Но вместо ответа с ним почтительно поздоровались, ибо, не говоря уже о том, что все старики достойны уважения, Емрытагина любили за его ум, знание жизни, умение дать хороший совет.
— Это хорошо, что мой взор ослабел, — не без лукавства заметил он и полез в карман кухлянки за трубкой.
— Однако, где же Майвик? — ни к кому не обращаясь, сказал Тагьек. — Нагуя, Майвик — все побросали работу. Или им нечего делать? — пробурчал он и, ежась от мороза, направился в землянку.
Емрытагин нахмурил лоб. На плотно сжатых губах показалась суровая усмешка.
«Понятна хитрость твоя…» — старик сунул трубку обратно в карман.
Тымкар улыбнулся, быстро достал свой табак. Закурили. Емрытагин в упор посмотрел в глаза Тымкару.
— В твоей голове неспокойные мысли. Есть ли свежее мясо для Сипкалюк?
Тымкар метнул на него тревожный взгляд, отрицательно качнул головой.
— Ты верно сказал: дни уходят.
Брови Тымкара изогнулись. Значит, старик слышал его слова? Слышал, как он осудил правила жизни… Что подумает он о таком человеке? Но почему он говорит: «Ты верно сказал»?.. Тымкар вспомнил, что Емрытагин однажды уже поддержал его, когда он не хотел пускать на берег чернобородого, ему стало легче, хотя сердце билось еще неровно.
На севере появились рваные облака — признак того, что скоро будет ветер.
— Да, дни уходят, — задумчиво повторил старый эскимос.
— Ты владеешь большим умом, — с горячностью обратился к нему Тымкар. — Скажи: почему, родив ребенка, мать должна голодать? Разве правильно это? Кто придумал так? Или лучше жить бездетным?
Емрытагин ответил не сразу. Затянулся, прокашлялся.
— В голове твоей верные мысли. Сам я думал об этом. Многое изменилось в жизни… Но что скажут эскимосы?
Тымкар догадался, что старик имеет в виду: и свою землянку, разрушенную американом, и то, что он, Тымкар, чукча, живет среди эскимосов, и украденную Амнону, и дурную воду, дурные болезни, которыми заболевают вначале женщины, а потом мужчины, и несправедливую торговлю. Обо всем этом ему уже случалось говорить с Емрытагином.
— Но что скажут эскимосы? — повторил старик. Глаза Тымкара то загорались, то блекли. Ему хотелось крикнуть: «Пусть скажут!» — и пойти на охоту. Но он не решался. «Многое изменилось в жизни», — мысленно повторял он слова старого эскимоса, стараясь проникнуть в их истинный смысл, в то, что хотел сказать ими Емрытагин.
По склону острова, прячась, спускались двое подростков.
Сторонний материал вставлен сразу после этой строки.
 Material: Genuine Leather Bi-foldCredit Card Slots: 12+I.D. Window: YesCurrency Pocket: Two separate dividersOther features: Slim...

Явно можно было заметить, что они пробиваются к землянке Емрытагина.
Старик посмотрел в ту сторону, лукаво взглянул на Тымкара и молча пошел к своему жилищу.
Задумавшись, чукча продолжал одиноко стоять за своей землянкой. «Многое изменилось в жизни. Сам я думал об этом», — твердил он слова Емрытагина.
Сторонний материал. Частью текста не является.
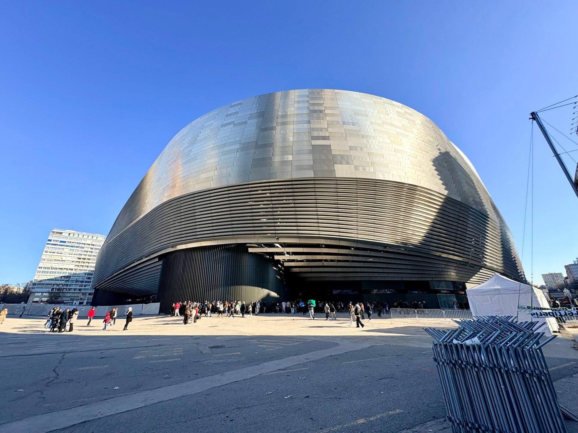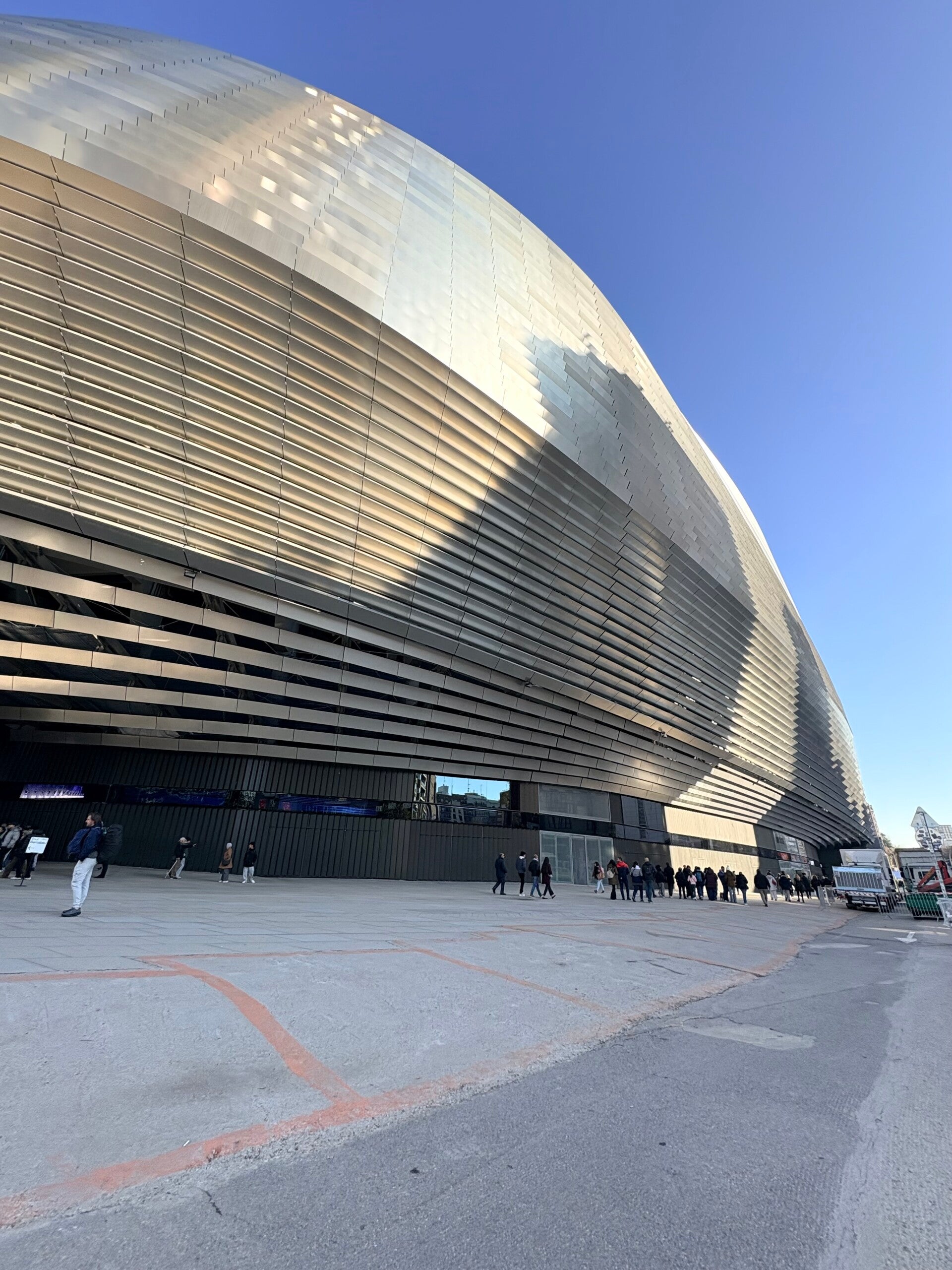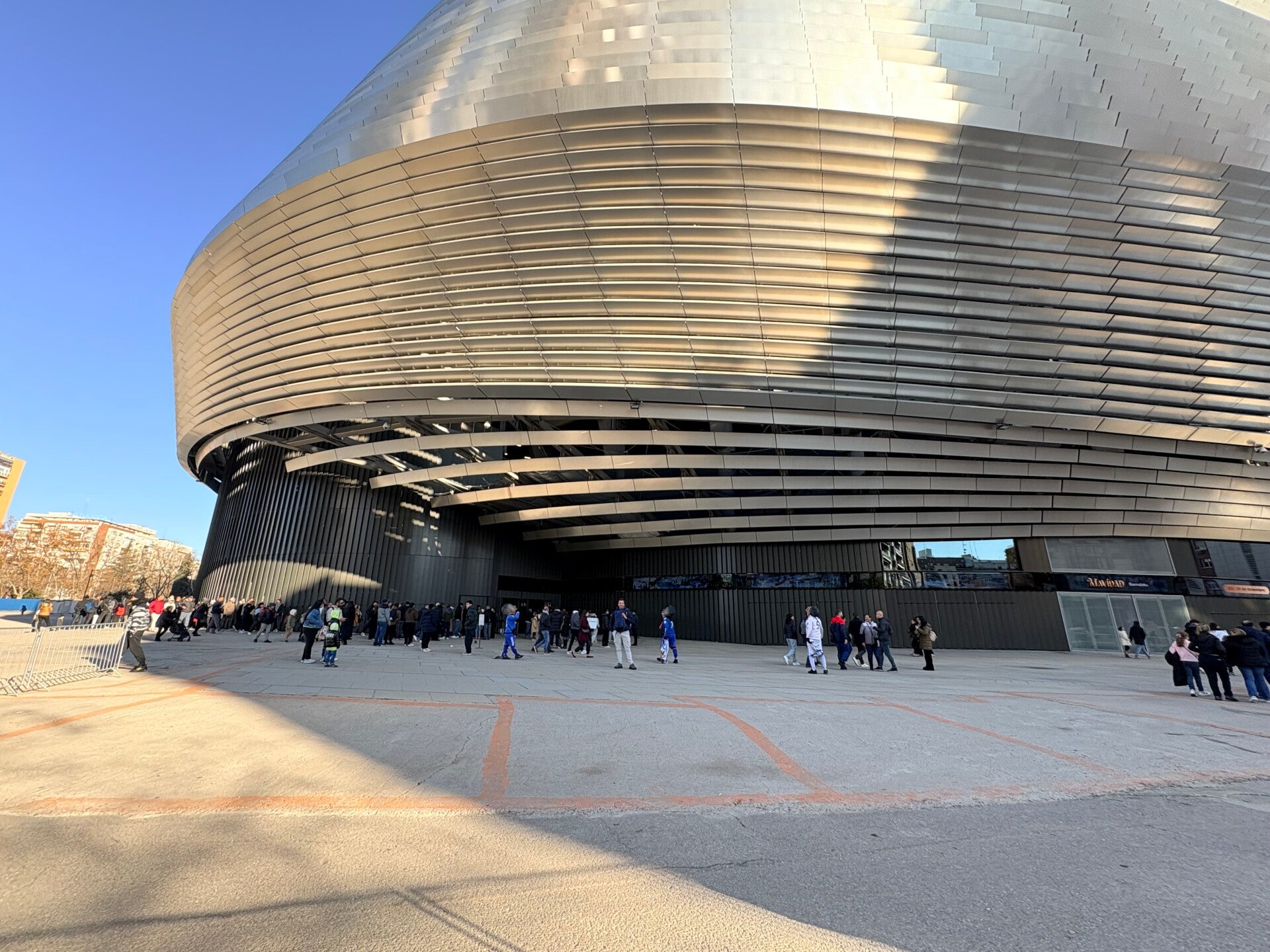 En een voetbaltempel is het ook wel. Het is Oudejaarsdag en er zijn op deze koude woensdagochtend – net als wij – nog genoeg andere zielen die de laatste dag van 2025 liever onder de rook van deze betonreus spenderen, dan met een paar rotjes en een grondbloem in een Jumbo-tas de buurt onveilig maken. Het is een machtig bouwwerk… maar is het wel het Santiago Bernabéu? Gelukkig zitten we wel degelijk goed, maar als ik één van ’s werelds grootste voetbalclubs was geweest, dan had ik wel wat meer mijn logo laten zien! Echt waar, we lopen langs de lange zijde van het gebouw, en dat fameuze logo van Real Madrid is nergens te ontwaren, afgezien van een relatief klein digitaal reclamebord waar af en toe de uitnodiging voor een stadiontour in combinatie met het logo voorbijkomt. Ik had het logo pontificaal op de lange zijdes geplakt. Nu zou je nog kunnen denken dat je langs een arena voor paardenraces wandelt of zo. (Of geldt dat alleen voor die echte wereldvreemden?)

С севера потянул ветер. Начинало пуржить.
Глава 32
ИСТОКИ ЗАБЛУЖДЕНИЙ
Север есть север: два-три месяца лета, и опять темные ночи. Гуси и журавли улетели. Оленеводы откочевывают на зимние пастбища. Блекнет, стихает тундра.
Близость зимы чувствуется и в студеных ветрах — они все чаще прорываются из полярного бассейна, — и в порыжевшей тундре, и в блеске ледяных чешуек во впадинах между кочками, где лишь накануне сочилась вода. И хотя еще бойко журчат ручьи, но и им недолго осталось веселить тундру: вот-вот в одну уже близкую ночь мороз прижмет их ко дну русла, остановит, и ледяные щупальца цепко обхватят землю… И тогда начнется зима — выпадет снег, завоют свирепые вьюги, все смешают, закрутят, заморозят.
«О да, скоро опять зима», — вздохнул, покачав головой, несуразно большой человек с лицом, заросшим рыжей щетиной.